To help them keep track of each star, they made a diagram of temperature and brightness. The diagram looked like a graph. It had temperature along the bottom. Hot was to the left, and cool was to the right. It had brightness/magnitude along the side. Very bright was at the top, and very dim was at the bottom.
Hertzsprung and Russell did not know each other at this time. In fact, Hertzsprung lived and worked in Germany, while Russell lived and worked in the United States. Both wrote articles about their research, and it was only after they both saw each other's articles that they became friends and worked together.
This diagram was very important, because it was based on scientific data. It helped astronomers develop theories to explain how stars behave. It was a snapshot of a moment in astronomical time. Hertzsprung and Russell used the diagram to try to explain how stars are born, live, and finally die.
The first group of stars is called the main sequence stars. These stars behave as everyone expects them to. If they are hot, they are bright. If they are cool, they are dim. All of the main sequence stars are along a line that goes from the bottom right to the top left of the diagram.
The second group of stars is called the red giants. They sit in the top right corner of the diagram. These stars are very cool, and at the same time very bright.
The third group sits in the bottom left corner of the H-R Diagram. They are the white dwarfs. They are very hot, but quite dim. This is because they are very small, perhaps smaller than the Earth.
When looking at the H-R Diagram, note that star color corresponds directly to star temperature, not brightness. This means that a red star could be large or small, but is quite cool either way. Similarly, a blue star could be large or small, but is always hot.
1. Begin lesson with question: How do the size and distance of a star affect how bright it looks to us? (This question has already been addressed in the previous lesson. It is just a warm up question to get students thinking.) Ask students to volunteer information from presentation (the previous lesson) including star types and characteristics i.e. color, size, brightness, temperature, and color. Make sure to review star color and temperature relationship. Write the characteristics on the board. (5 min.)

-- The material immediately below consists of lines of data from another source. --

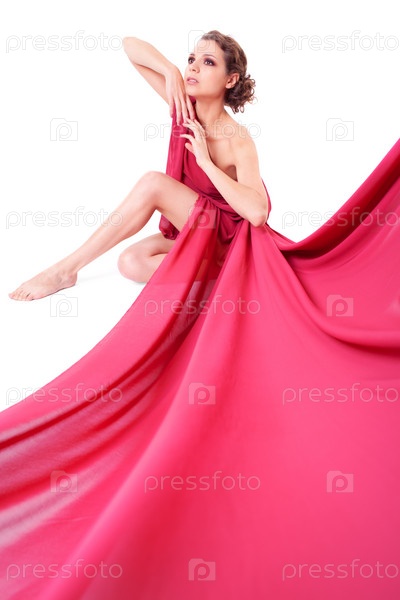 Стройная женщина в красном платье сидит на полу, на белом фоне
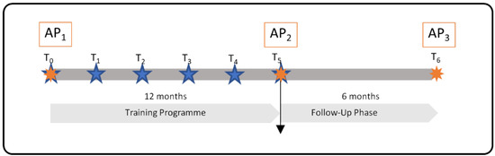 Figure 6 shows the timeline of the study, the duration of the training programme, the training modules, and the assessment points. The six training modules take place around every 8–10 weeks (at T0–T5), totalling in a one-year duration for the whole training programme. The study protocol follows the SPIRIT 2013 guidelines (see File S1).
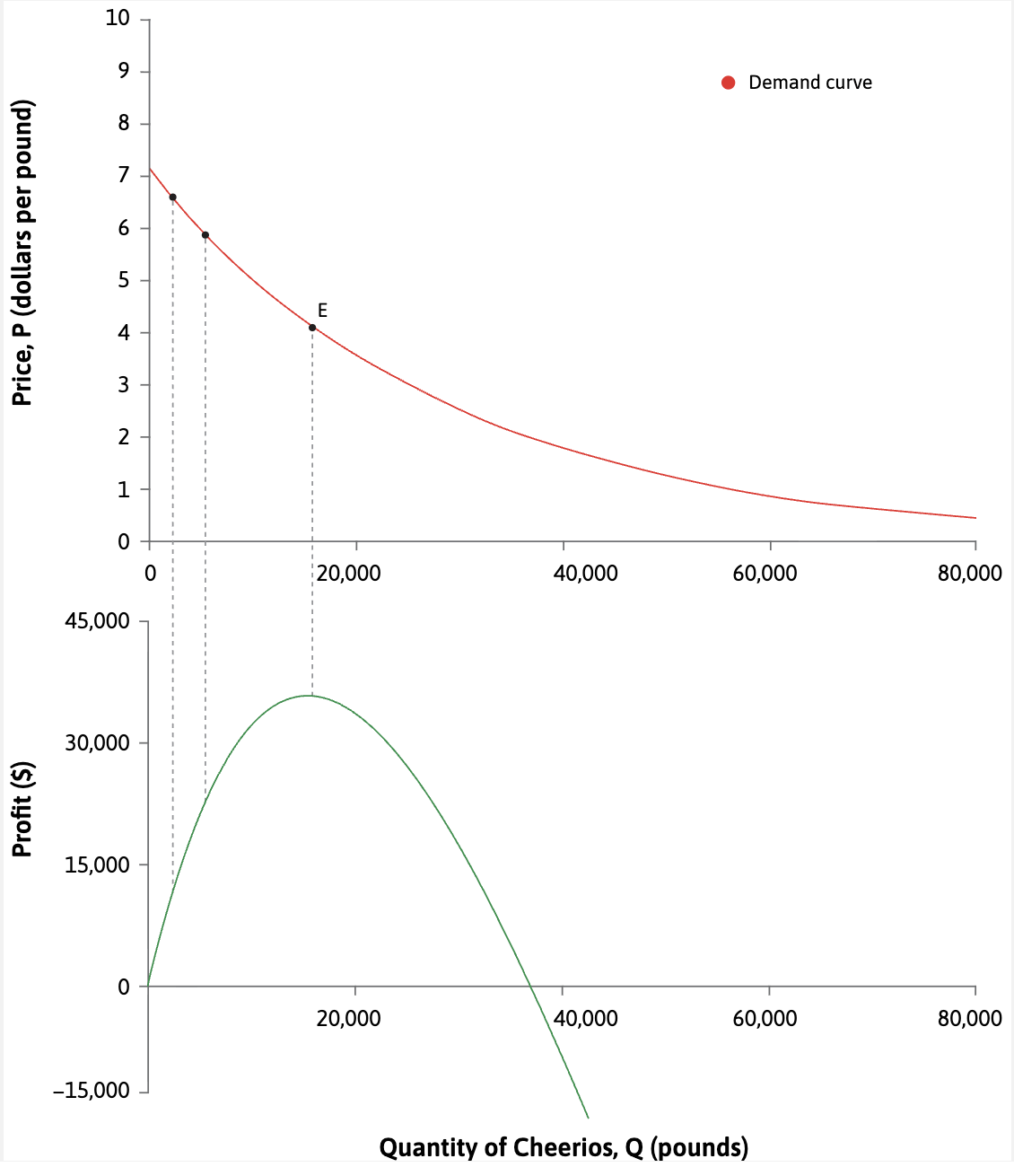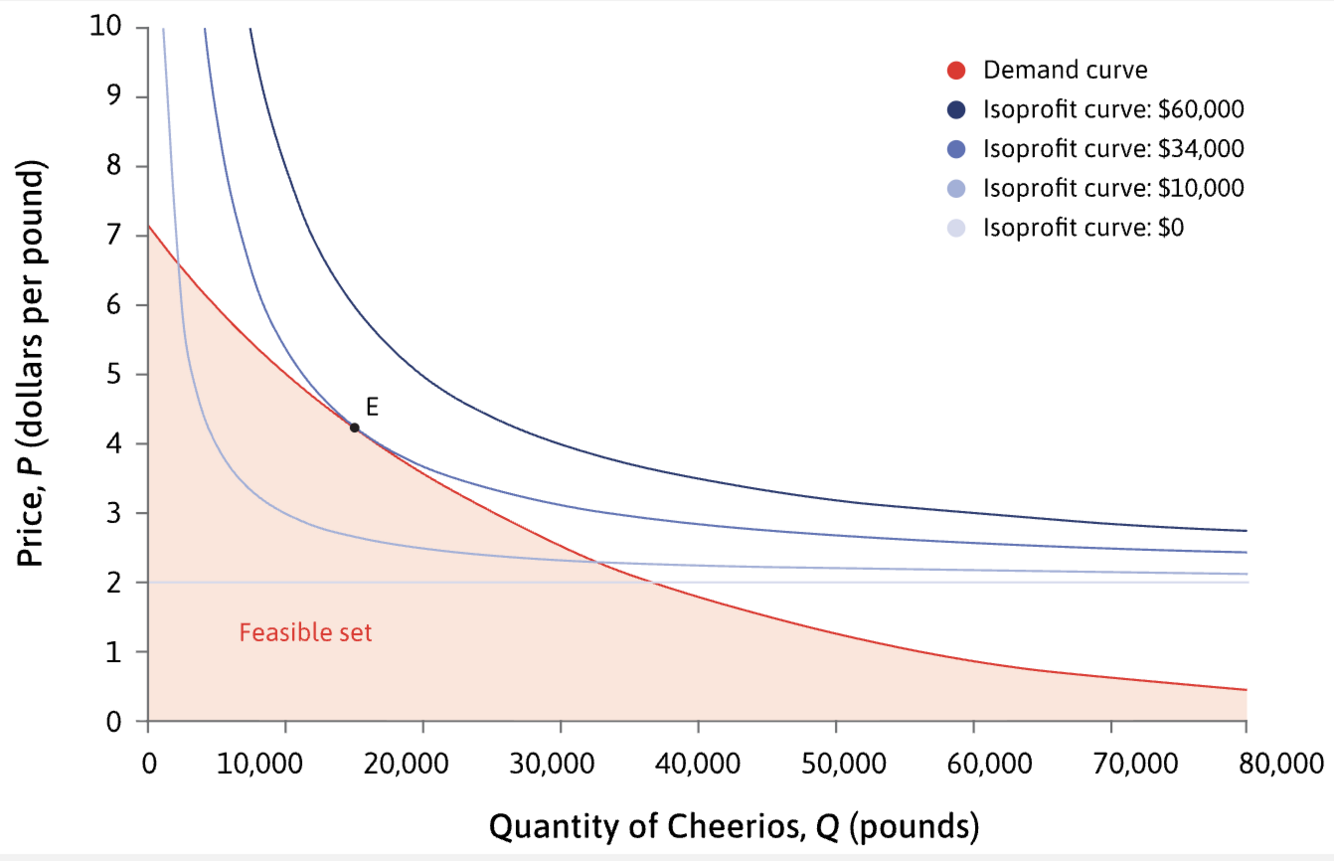 You reach the highest possible isoprofit curve inside the feasible set by choosing point E, where the demand curve is tangent to an isoprofit curve.
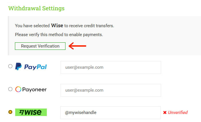 You can set up more than one withdrawal method at the same time (for example, PayPal and Wise), and switch between them whenever you need to. However, if you switch to a different account — with another email or username, even if you've used it before — you'll need to go through the verification process again. This is necessary for legal and security reasons.
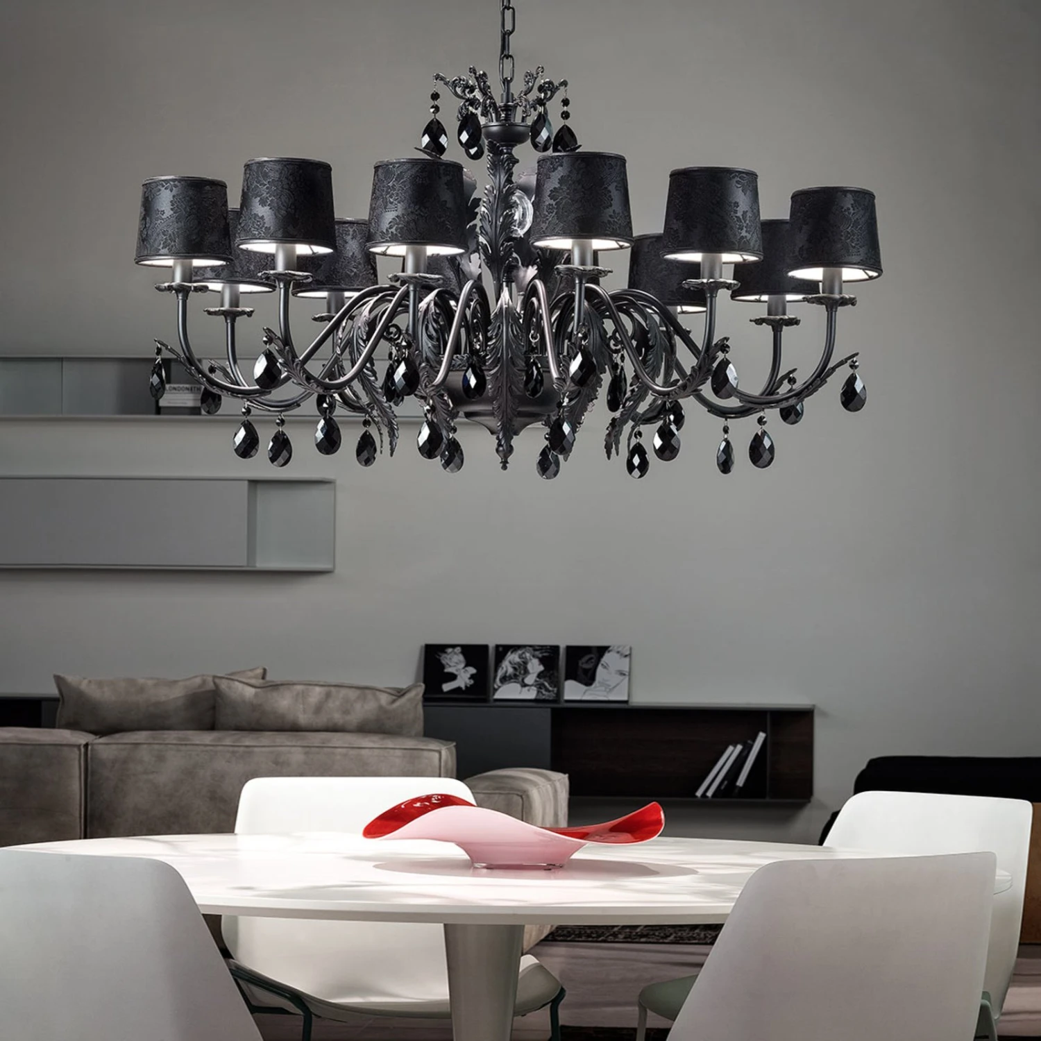 Mit Asfour-Kristallen und edlen Damastschirmen – schwarzer Kronleuchter Angelis
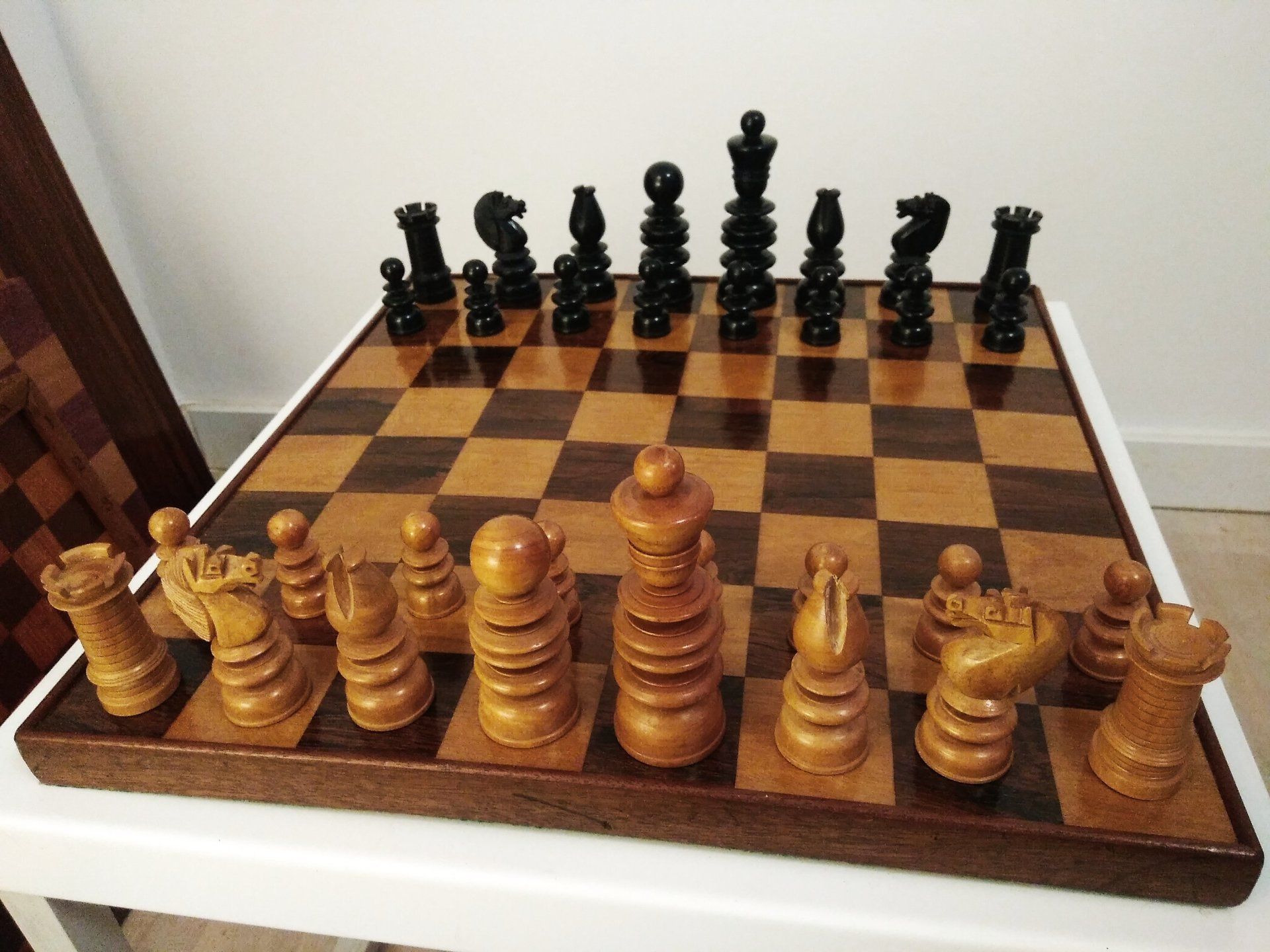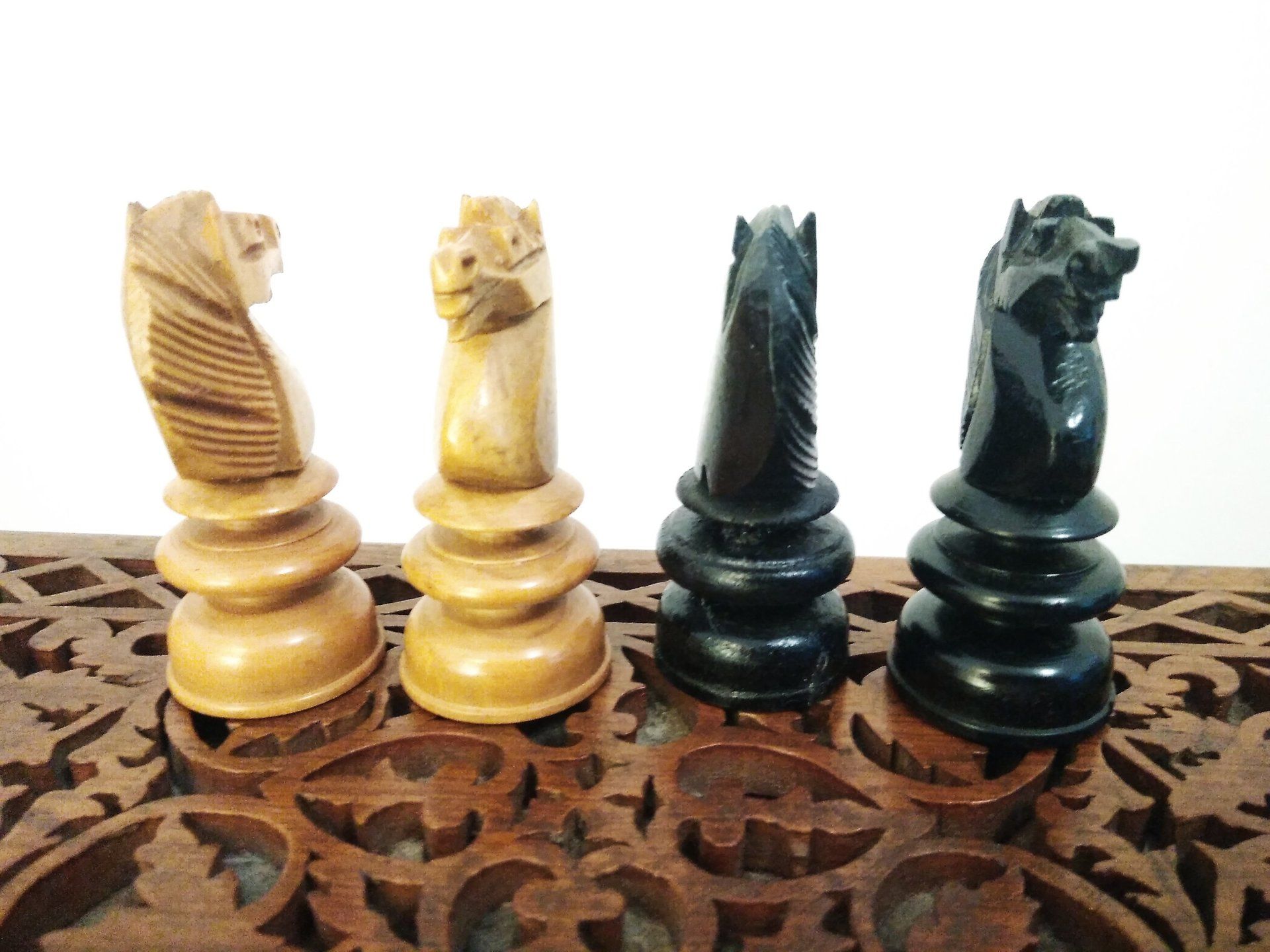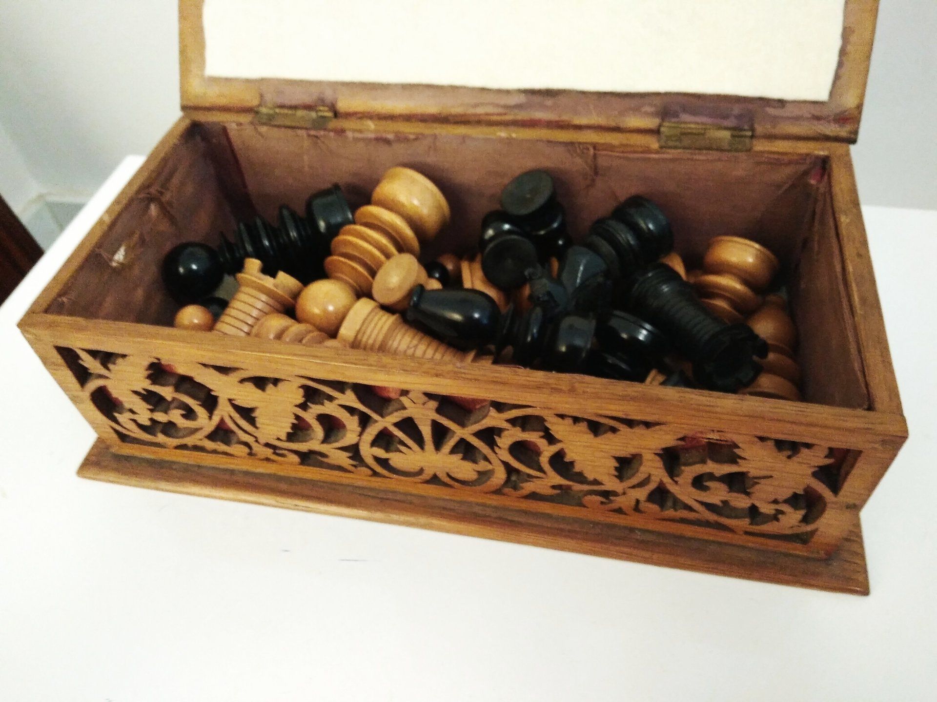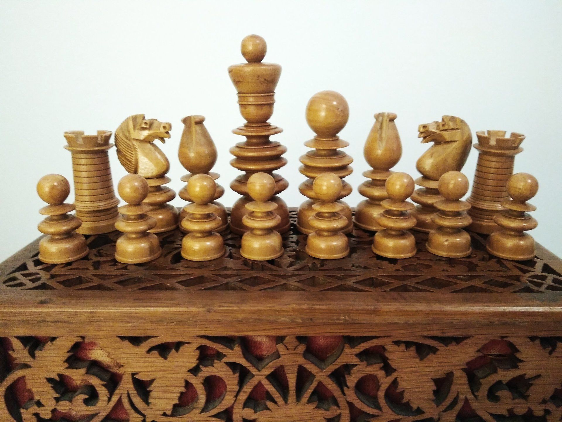 Antique English "St. George" pattern chess set in club size following the design introduced by the St. George Chess Club in London in the late 18th century. King size is 4".
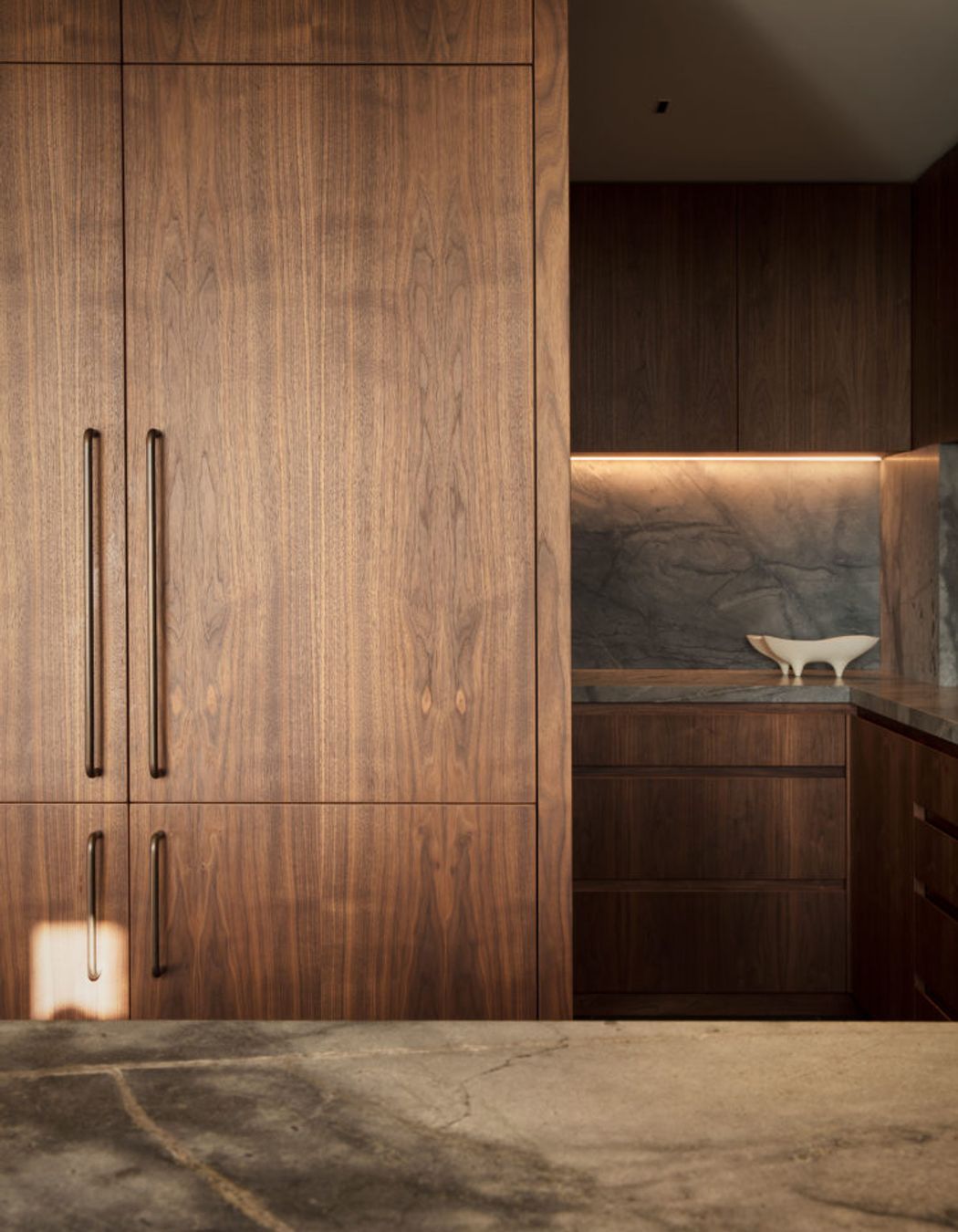 ArchiPro Project Summary - A stunning renovation of a 1960s Auckland apartment featuring Halliday & Baillie's aged brass pull handles on sleek white cupboards and elegant walnut cabinetry.
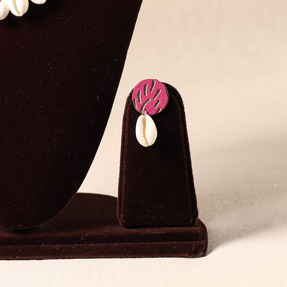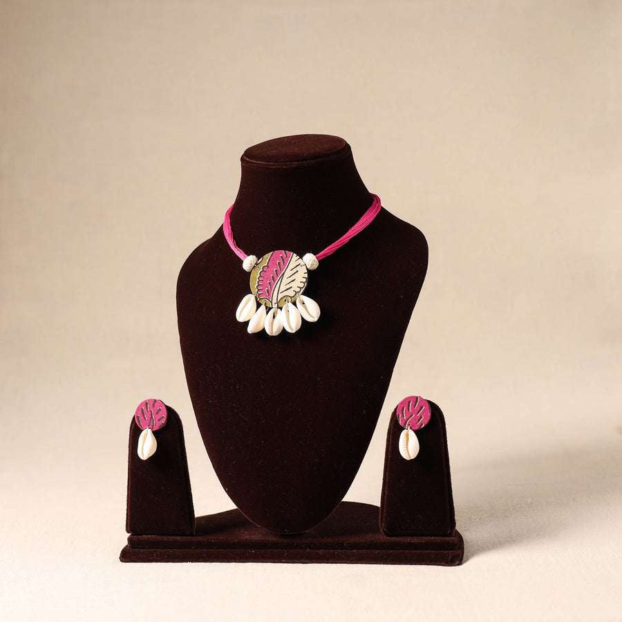 Add a touch of handmade charm with this pink necklace set, made from thread and adorned with a fabric pendant featuring delicate shell work. It also comes with matching earrings to complete your look. Crafted by skilled artisans, it's lightweight and pairs effortlessly with traditional outfits. Ideal for festive occasions, cultural events, or simply to bring a distinctive touch to your style.

This lesson builds heavily on what students learned in the previous lesson, so take some time today to help students remember what they've learned about different types of stars and their colors and temperatures. You might consider making a table to organize the discussion if your students need more structure.
2. Explain that astronomers who studied the stars in the 1800's found so many stars that it was hard to organize information about them into useful patterns. Many astronomers worked on ways to classify stars. Some were American astronomers, like Edward Pickering, Antonia Maury and Annie Jump Cannon. Some of their early work led to diagram we now use.
Annie Jump Cannon is a very famous and important scientist. You might encourage students to learn more about her life and contribution to the field of astronomy. It is very important to highlight women and minority scientists who made significant contributions to topics the class is studying.
Then tell students about two astronomers named Hertzsprung (form Germany) and Russell (from England). They needed a way to record and keep track of each star, and so they created this table. (Give students copies of worksheet with labeled stars but without labels on the axis.) Then ask students to see if they can figure out how the stars were classified by Hertzsprung and Russell in groups of four using characteristics on board. Students should work in small groups to figure out characteristics of each star and draw conclusions. They should be able to determine temperature in terms of hot or cool and brightness in terms of bright or dim and how these fall on the axes of the table. (10 min.)
Why should students collect evidence to answer questions?
How can I help my students collect evidence?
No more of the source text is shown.